## RECORDS PROVIDED

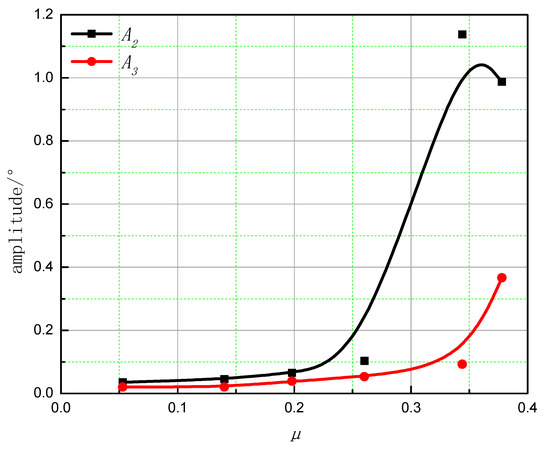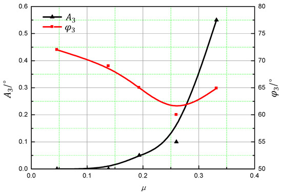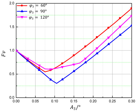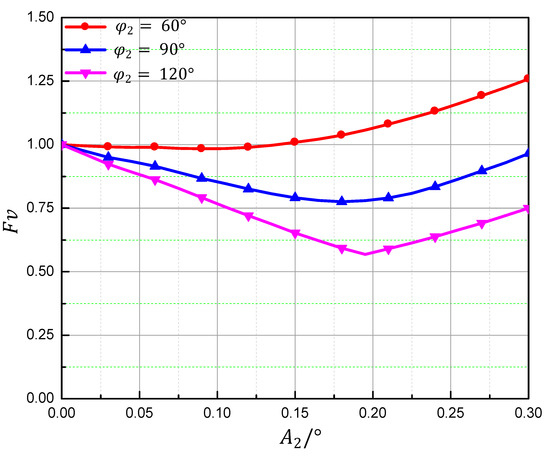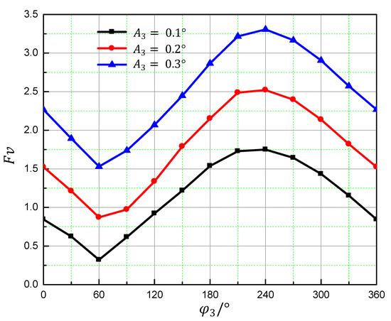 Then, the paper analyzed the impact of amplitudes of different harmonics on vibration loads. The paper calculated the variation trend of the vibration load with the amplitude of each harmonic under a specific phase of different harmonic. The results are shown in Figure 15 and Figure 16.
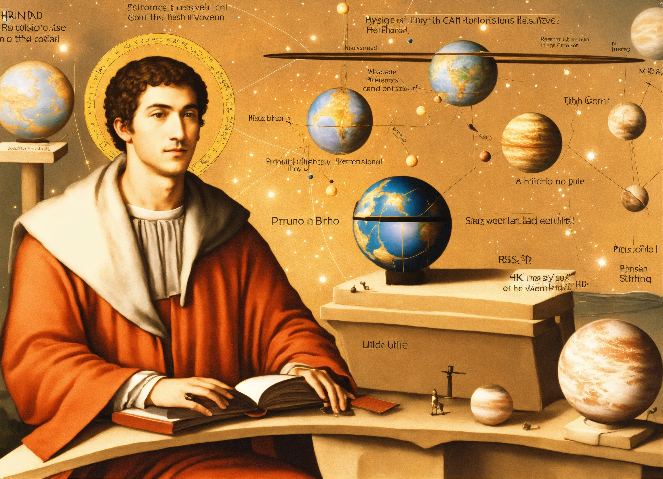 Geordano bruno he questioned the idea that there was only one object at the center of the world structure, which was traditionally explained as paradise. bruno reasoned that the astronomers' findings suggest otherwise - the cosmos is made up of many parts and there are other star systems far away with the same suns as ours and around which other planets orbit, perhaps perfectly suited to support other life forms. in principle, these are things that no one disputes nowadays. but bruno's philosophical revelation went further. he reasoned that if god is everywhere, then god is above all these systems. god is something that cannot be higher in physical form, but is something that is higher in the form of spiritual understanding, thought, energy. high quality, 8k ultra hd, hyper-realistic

==

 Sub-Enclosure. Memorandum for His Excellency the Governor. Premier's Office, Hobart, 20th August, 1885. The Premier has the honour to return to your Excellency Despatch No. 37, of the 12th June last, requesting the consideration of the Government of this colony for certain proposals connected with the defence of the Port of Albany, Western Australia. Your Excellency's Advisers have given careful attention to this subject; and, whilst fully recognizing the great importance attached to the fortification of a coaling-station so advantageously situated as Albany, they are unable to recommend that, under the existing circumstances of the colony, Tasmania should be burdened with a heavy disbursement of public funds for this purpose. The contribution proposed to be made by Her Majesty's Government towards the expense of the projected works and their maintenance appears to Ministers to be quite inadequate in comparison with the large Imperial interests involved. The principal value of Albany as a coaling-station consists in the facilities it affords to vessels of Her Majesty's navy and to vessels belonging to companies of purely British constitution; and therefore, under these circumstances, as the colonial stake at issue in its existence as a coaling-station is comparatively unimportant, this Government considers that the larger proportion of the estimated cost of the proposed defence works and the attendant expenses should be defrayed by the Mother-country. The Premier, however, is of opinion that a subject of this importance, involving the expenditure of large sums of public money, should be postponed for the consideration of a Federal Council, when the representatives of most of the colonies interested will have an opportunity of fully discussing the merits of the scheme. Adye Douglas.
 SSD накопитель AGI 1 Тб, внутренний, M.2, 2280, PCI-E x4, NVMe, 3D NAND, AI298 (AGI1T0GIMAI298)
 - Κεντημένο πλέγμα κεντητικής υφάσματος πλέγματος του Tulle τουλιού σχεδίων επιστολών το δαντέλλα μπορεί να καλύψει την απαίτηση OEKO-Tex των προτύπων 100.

## PROBLEM REQUIREMENTS
Leave out every picture, and copy exactly the lines above starting at the one holding "Then, the paper" and ending at the one holding "Geordano bruno he", no more and no less.

## EXERCISE SOLUTION
 Then, the paper analyzed the impact of amplitudes of different harmonics on vibration loads. The paper calculated the variation trend of the vibration load with the amplitude of each harmonic under a specific phase of different harmonic. The results are shown in Figure 15 and Figure 16.
 Geordano bruno he questioned the idea that there was only one object at the center of the world structure, which was traditionally explained as paradise. bruno reasoned that the astronomers' findings suggest otherwise - the cosmos is made up of many parts and there are other star systems far away with the same suns as ours and around which other planets orbit, perhaps perfectly suited to support other life forms. in principle, these are things that no one disputes nowadays. but bruno's philosophical revelation went further. he reasoned that if god is everywhere, then god is above all these systems. god is something that cannot be higher in physical form, but is something that is higher in the form of spiritual understanding, thought, energy. high quality, 8k ultra hd, hyper-realistic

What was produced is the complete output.